= ASSIGNMENT =
Transcribe the records that follow exactly. Skip the pictures.

= Data records =
[Start of Attachment]

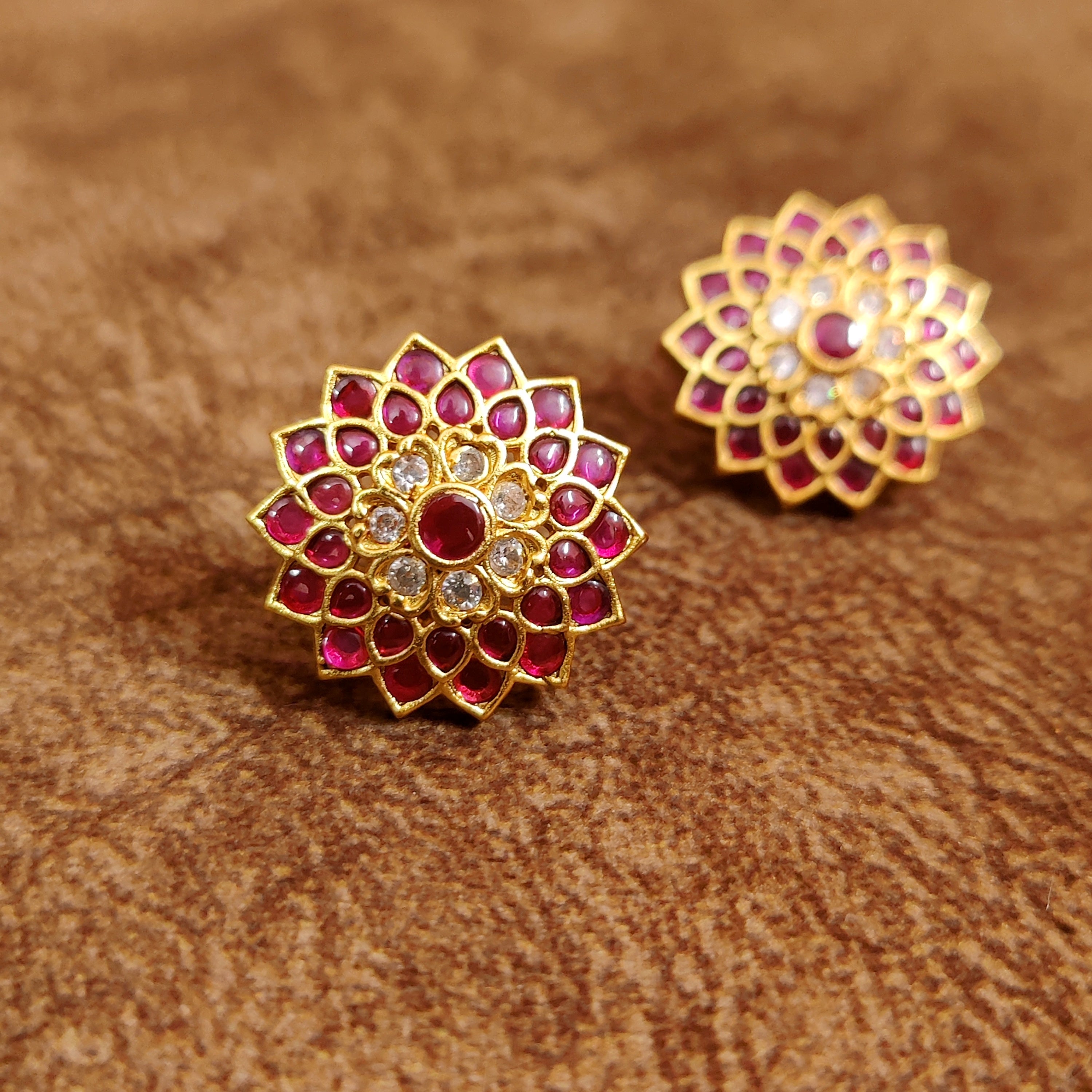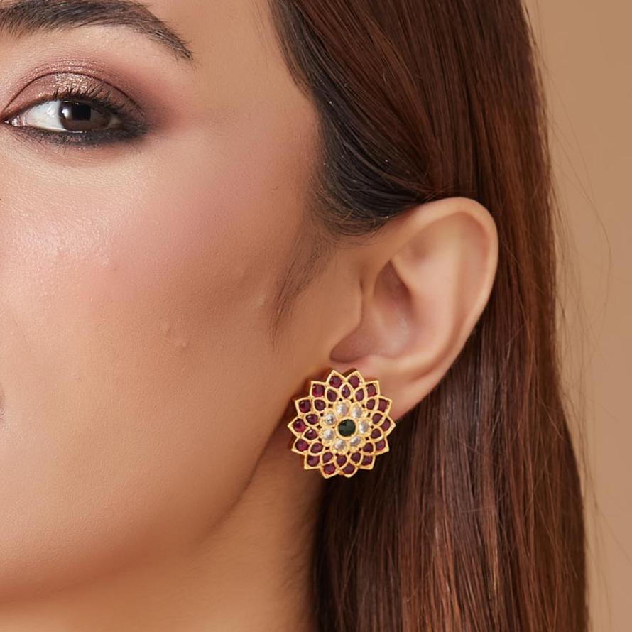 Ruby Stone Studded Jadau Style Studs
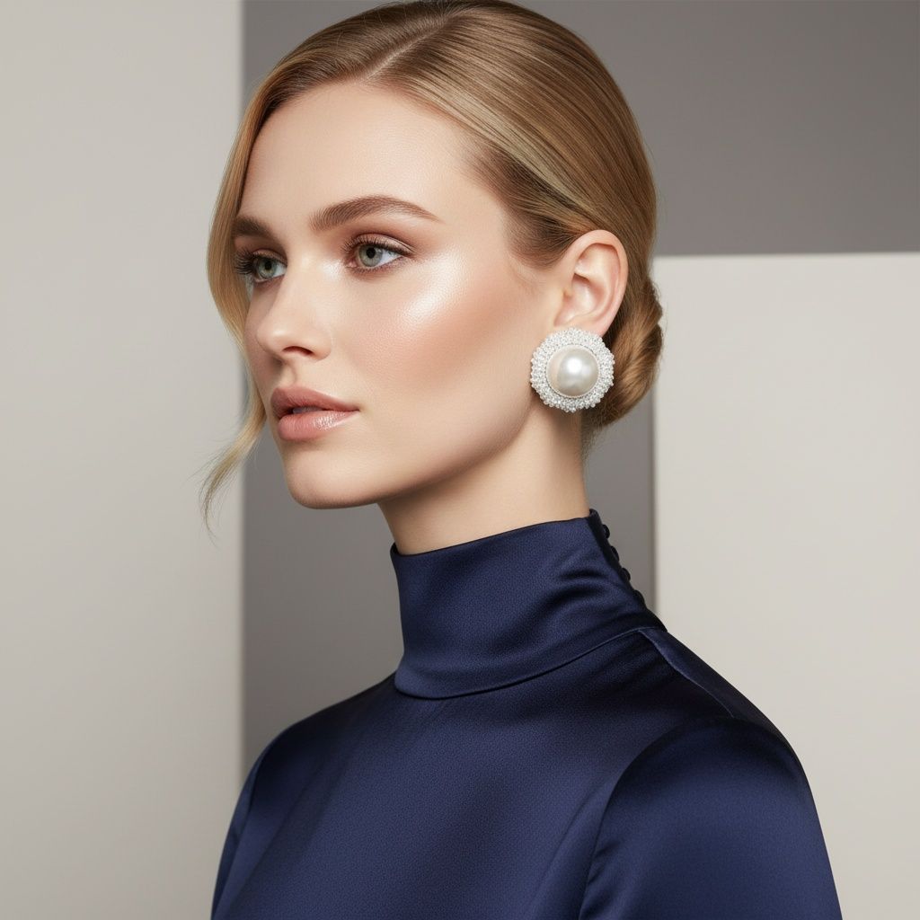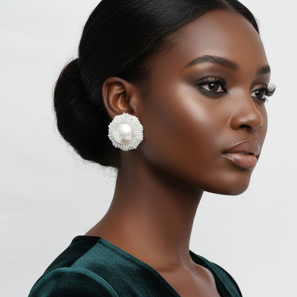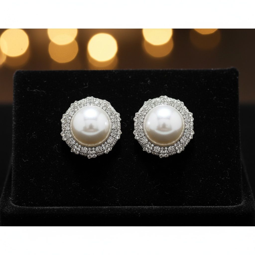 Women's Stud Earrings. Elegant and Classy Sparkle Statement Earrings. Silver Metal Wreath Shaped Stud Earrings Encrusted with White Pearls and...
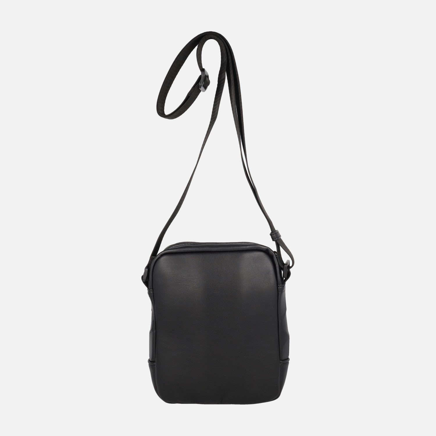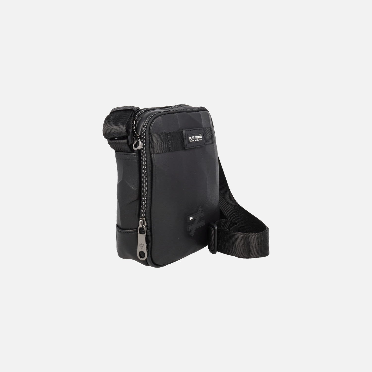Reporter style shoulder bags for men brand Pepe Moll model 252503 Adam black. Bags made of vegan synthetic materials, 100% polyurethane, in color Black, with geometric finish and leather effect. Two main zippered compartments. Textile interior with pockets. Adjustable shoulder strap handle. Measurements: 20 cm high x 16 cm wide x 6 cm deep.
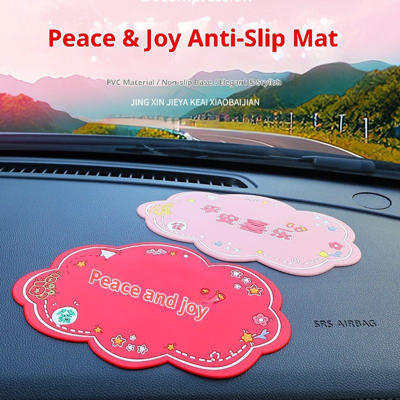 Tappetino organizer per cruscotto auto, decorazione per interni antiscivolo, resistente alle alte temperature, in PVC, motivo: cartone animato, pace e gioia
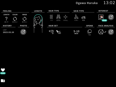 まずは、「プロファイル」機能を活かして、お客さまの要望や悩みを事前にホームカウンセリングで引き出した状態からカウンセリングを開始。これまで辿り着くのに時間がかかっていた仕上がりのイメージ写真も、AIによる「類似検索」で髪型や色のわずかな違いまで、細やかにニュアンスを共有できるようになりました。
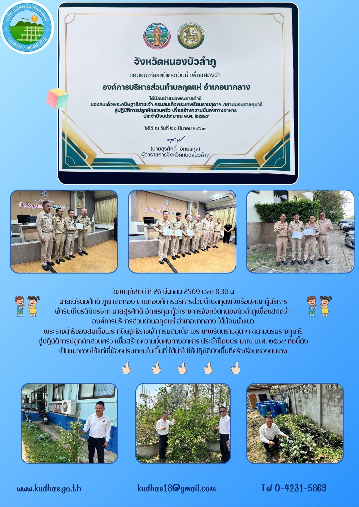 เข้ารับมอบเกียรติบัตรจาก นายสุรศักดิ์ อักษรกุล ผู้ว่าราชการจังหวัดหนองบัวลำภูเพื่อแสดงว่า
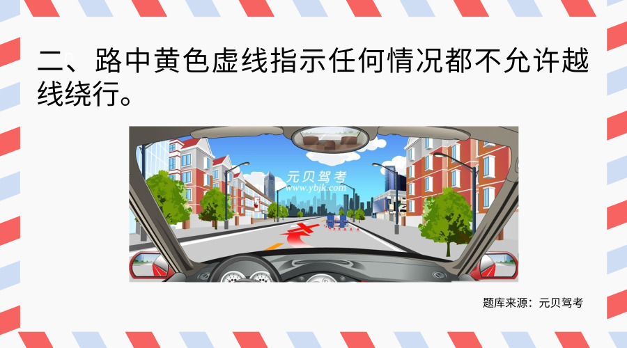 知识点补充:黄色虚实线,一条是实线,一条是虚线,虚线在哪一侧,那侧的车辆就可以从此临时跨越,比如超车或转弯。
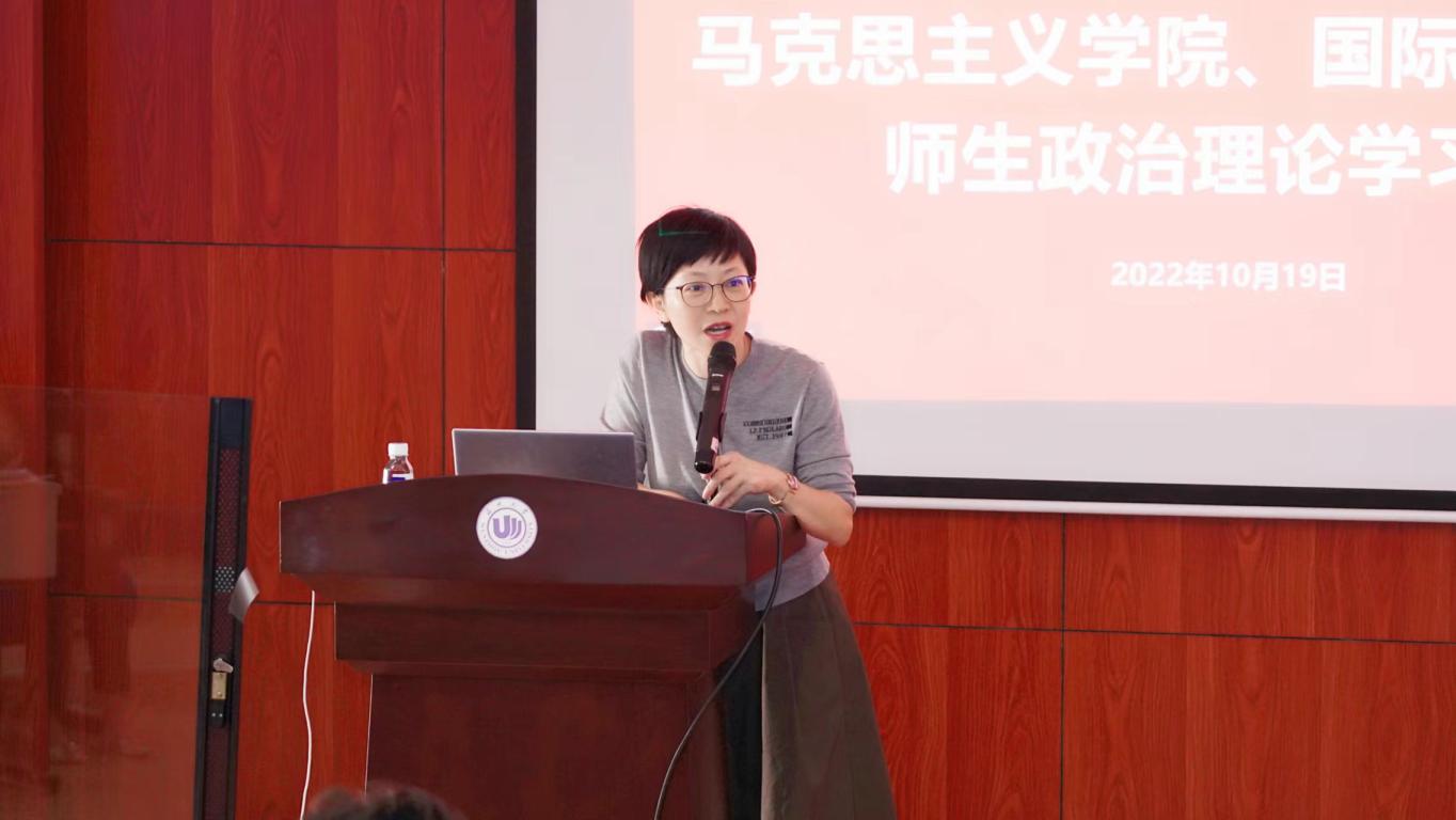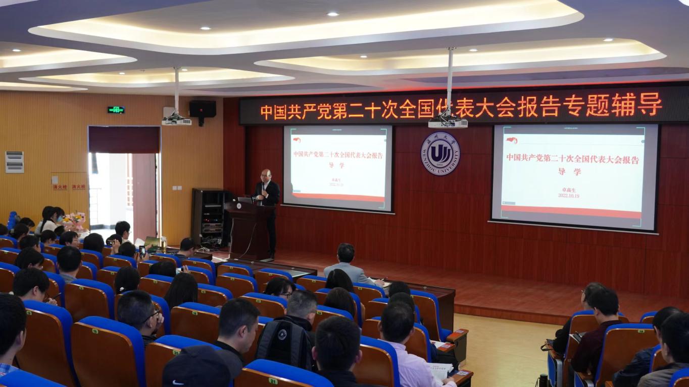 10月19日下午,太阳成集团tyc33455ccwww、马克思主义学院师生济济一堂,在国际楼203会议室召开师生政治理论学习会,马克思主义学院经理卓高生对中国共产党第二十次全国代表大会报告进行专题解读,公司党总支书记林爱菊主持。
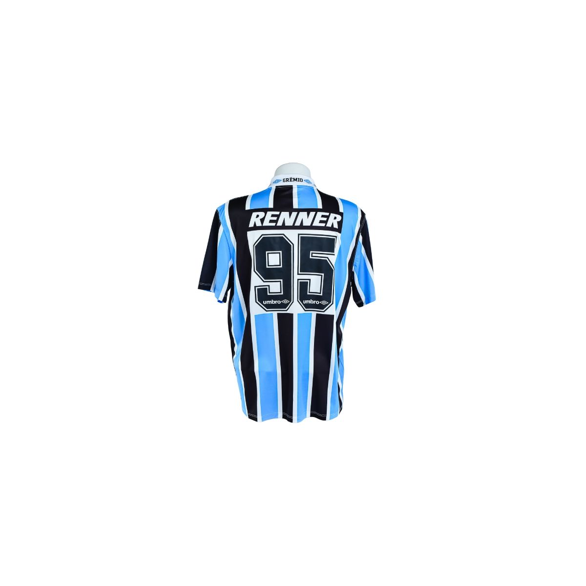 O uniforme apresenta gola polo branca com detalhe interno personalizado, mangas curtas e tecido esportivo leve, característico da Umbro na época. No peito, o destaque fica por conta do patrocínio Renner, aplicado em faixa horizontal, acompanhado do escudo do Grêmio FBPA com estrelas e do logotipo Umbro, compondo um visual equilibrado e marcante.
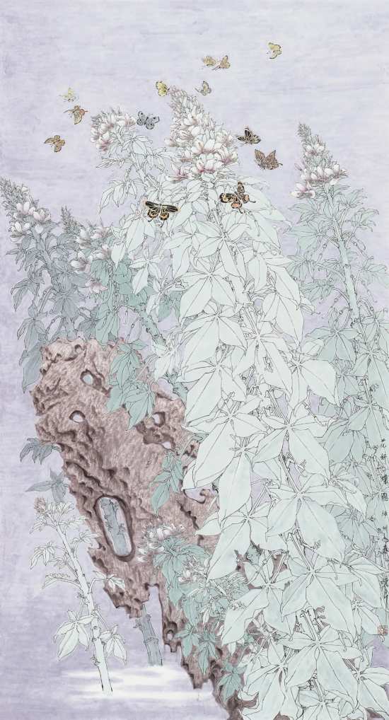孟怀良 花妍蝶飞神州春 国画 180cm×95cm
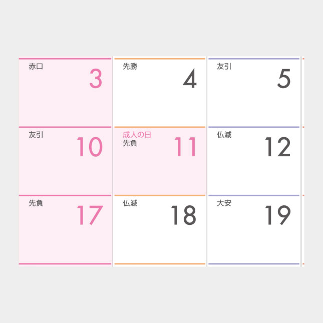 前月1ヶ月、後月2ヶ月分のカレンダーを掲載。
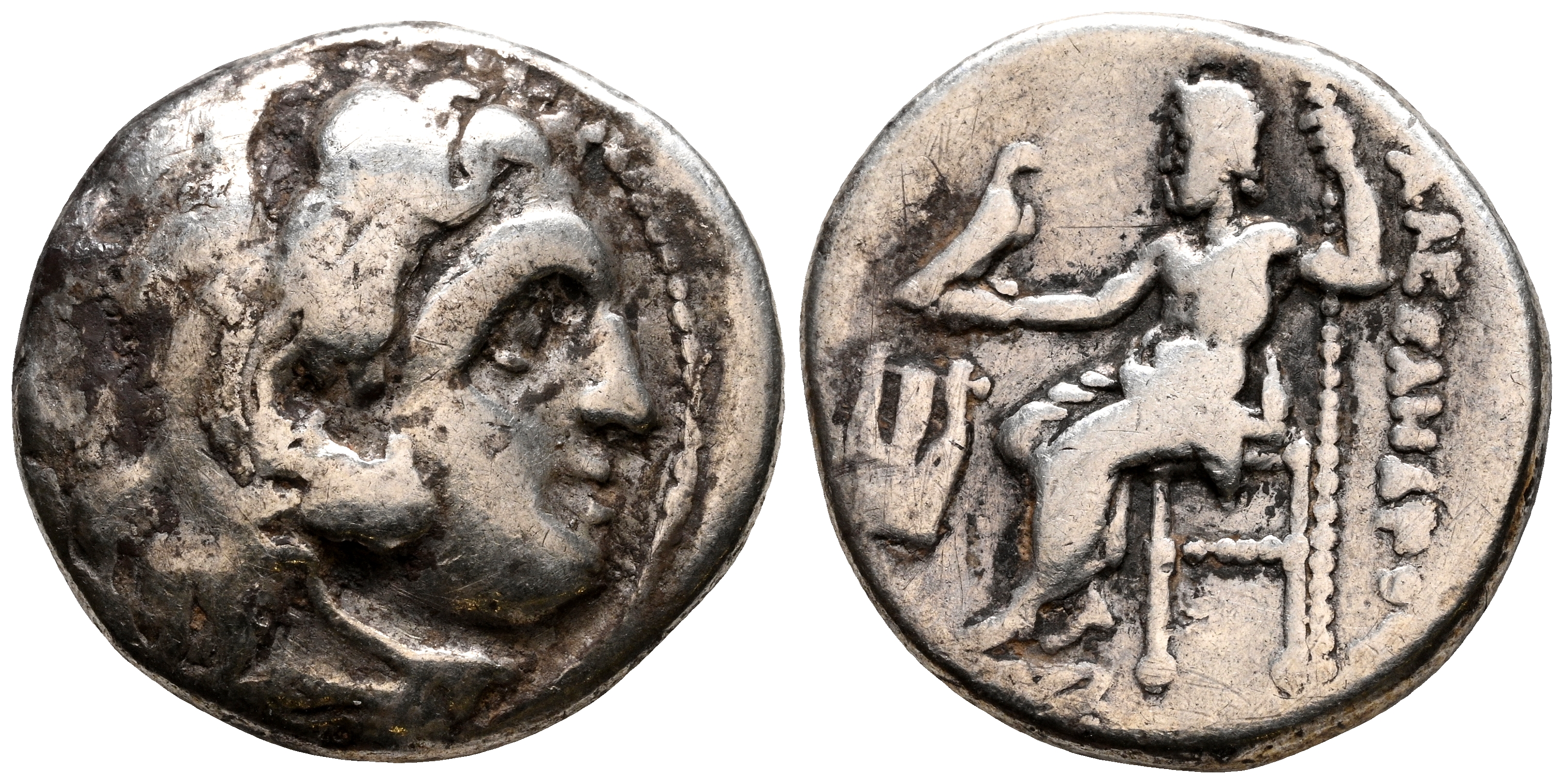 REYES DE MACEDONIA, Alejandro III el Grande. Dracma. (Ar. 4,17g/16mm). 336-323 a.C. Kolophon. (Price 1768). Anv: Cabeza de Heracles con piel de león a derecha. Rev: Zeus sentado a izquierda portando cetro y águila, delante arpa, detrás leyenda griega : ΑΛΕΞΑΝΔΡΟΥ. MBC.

[End of Attachment]

= RESPONSE TO THIS EXERCISE =
 Ruby Stone Studded Jadau Style Studs
 Women's Stud Earrings. Elegant and Classy Sparkle Statement Earrings. Silver Metal Wreath Shaped Stud Earrings Encrusted with White Pearls and...
Reporter style shoulder bags for men brand Pepe Moll model 252503 Adam black. Bags made of vegan synthetic materials, 100% polyurethane, in color Black, with geometric finish and leather effect. Two main zippered compartments. Textile interior with pockets. Adjustable shoulder strap handle. Measurements: 20 cm high x 16 cm wide x 6 cm deep.
 Tappetino organizer per cruscotto auto, decorazione per interni antiscivolo, resistente alle alte temperature, in PVC, motivo: cartone animato, pace e gioia
 まずは、「プロファイル」機能を活かして、お客さまの要望や悩みを事前にホームカウンセリングで引き出した状態からカウンセリングを開始。これまで辿り着くのに時間がかかっていた仕上がりのイメージ写真も、AIによる「類似検索」で髪型や色のわずかな違いまで、細やかにニュアンスを共有できるようになりました。
 เข้ารับมอบเกียรติบัตรจาก นายสุรศักดิ์ อักษรกุล ผู้ว่าราชการจังหวัดหนองบัวลำภูเพื่อแสดงว่า
 知识点补充:黄色虚实线,一条是实线,一条是虚线,虚线在哪一侧,那侧的车辆就可以从此临时跨越,比如超车或转弯。
 10月19日下午,太阳成集团tyc33455ccwww、马克思主义学院师生济济一堂,在国际楼203会议室召开师生政治理论学习会,马克思主义学院经理卓高生对中国共产党第二十次全国代表大会报告进行专题解读,公司党总支书记林爱菊主持。
 O uniforme apresenta gola polo branca com detalhe interno personalizado, mangas curtas e tecido esportivo leve, característico da Umbro na época. No peito, o destaque fica por conta do patrocínio Renner, aplicado em faixa horizontal, acompanhado do escudo do Grêmio FBPA com estrelas e do logotipo Umbro, compondo um visual equilibrado e marcante.
孟怀良 花妍蝶飞神州春 国画 180cm×95cm
 前月1ヶ月、後月2ヶ月分のカレンダーを掲載。
 REYES DE MACEDONIA, Alejandro III el Grande. Dracma. (Ar. 4,17g/16mm). 336-323 a.C. Kolophon. (Price 1768). Anv: Cabeza de Heracles con piel de león a derecha. Rev: Zeus sentado a izquierda portando cetro y águila, delante arpa, detrás leyenda griega : ΑΛΕΞΑΝΔΡΟΥ. MBC.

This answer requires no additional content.